Saturday, December 1, 2018

From the past: June 2010, Isle Royale

 June 10, 2010; our 35th anniversary was approaching so Vicki planned a one week, all inclusive stay at Isle Royale National Park. We had arrived at Copper Harbor, MI at 9:30 p.m. today and were staying at Bella Vista Motel.
June 11: We were up at 6:30 a.m. and walked to the boat dock at 7:15 where we checked in, our bags were loaded and we began our 53 mile Lake Superior ride at 8:05 a.m. Arrived on the island at 11:30 where our bags were picked up and taken to our motel room. Remember, this was all inclusive so we headed to the dining room to eat. It began to rain lightly and the temperature was dropping but we decided to take the 1:30 trip to Passage Island Lighthouse. Ten people braved the rain (no longer light) and cold (45) for a 45 minute boat trip and then a very wet walk through the forest to get up to the 1881 light house. Sorry, no pictures, I didn't want to take my camera in the rain. The lighthouse was constructed because the ore and grain ships kept trying to short cut the route by traveling between Isle Royale and Passage Island. Ships would crash and sink so lighthouses were built. Even with a raincoat I was damp through my 3 layers of clothes by the time we headed back to the boat. Wanda, the park ranger, told a story of one lighthouse keeper and his family who were forgotten for pick-up in the fall. It was November so the husband rowed for help. While he was trying to get help winters storms arrived and the lake froze. His wife and 3 children survived the winter by fishing, hunting and living on berries. To give Vicki and I a taste of the experience we arrived back at our room to find there was no heat.

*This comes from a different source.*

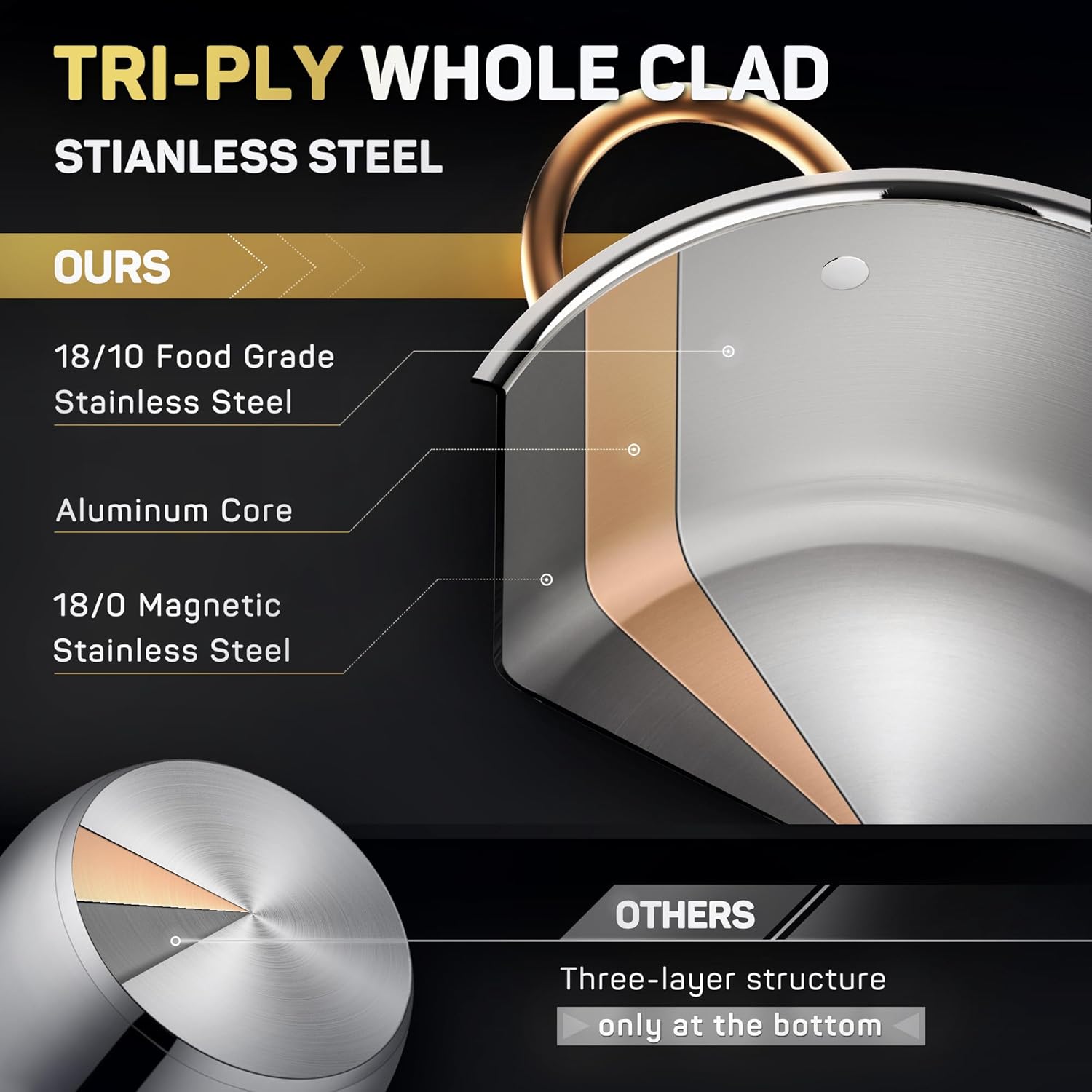 - Triple-Layer Stainless Steel Construction - Not Just the Bottom, But the Entire Body. Seamless Integration Sets It Apart from Other Stock Pots, Ensuring Rapid and Efficient Heat Distribution.

 Loons are everywhere around the island. 





 June 12: up at 7:00 a.m., rain stopped and not nearly as cold. Our room stayed warm all night and most of our clothes have dried. After a great breakfast (remember, this was all inclusive!), we decided to hike to Scoville Point which passed this Native American copper mine. I know it doesn't look like a mine, goes straight into the ground but the evidence of mining activity verified that copper had been dug out of the ground here. On the way back we hiked along Tobin Harbor which is where the seaplane arrives. We passed Smithwick Mine where mining went down 90' to find ore that had run out at 30'. Miners reported that biting black flies were so nasty the miners eyes would swell shut and once the fly season ended the mosquitoes came out and brought their own misery.

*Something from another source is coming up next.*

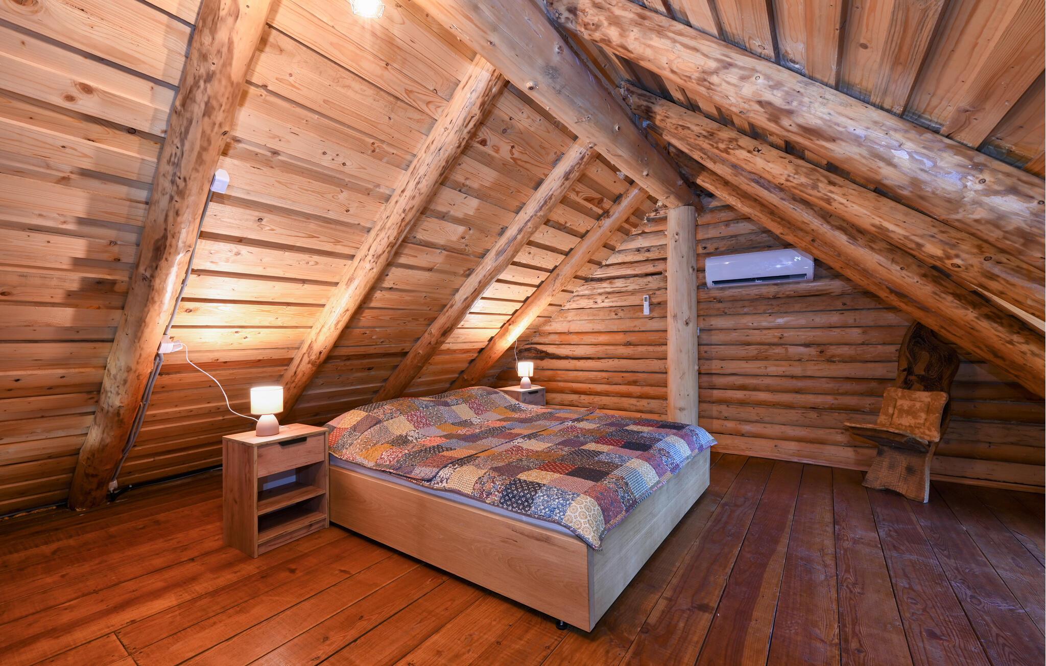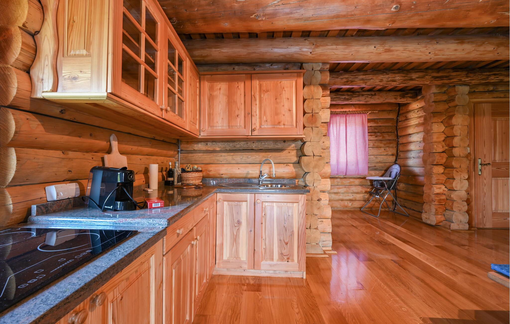 Nyd jeres ophold i dette meget rummelige træhus med sauna.

 June 13: Awake at 7:00 a.m. and went over for breakfast. We are learning, split breakfast today. Got our canoe and headed over to Tobin Bay because fog was rolling in on our side. The fog literally "rolls" over the outer islands and drops in. The canoe was fun, passed this old cabin and then docked across the bay. We hiked to Hidden Lake, mosquitoes were thick! We decided to hike the additional mile up to Louise Lookout, and passed through amazing moose territory but never saw one. No people, you really get to experience solitude and peace. The lodge has no tv so you truly disconnect from the outside world and can concentrate on letting go and enjoying God's creation. Headed back to dining room for lunch, no sun yet but temperature is the upper 50s, maybe even 60. Decided to go for a hike, it's raining very light so we followed the Rock Harbor trail for about a mile. You pass the "shelters" built for backpackers, screened on the open side, they have bunk-beds and are a place to spend a night organizing for your back country travel. 


 
June 14: Up at 7:00 again, fogged in on lake side. Went over for breakfast and came back to our room to read. About 9:40 we decided to go for a hike. From 10:00 to 3:00 we covered about 8 plus miles, Rock Harbor over toward Mt. Franklin then back along Tobin Bay. Weather became beautiful sunny day and we saw mother and two tiny baby loons on Tobin Bay. Tired, our meal was amazing. I had lake trout and Vicki had the chicken boursin. There was a lot more activity around today as more people were arriving, research groups heading into the back-country, many boats arriving and leaving. The busy season is about to begin.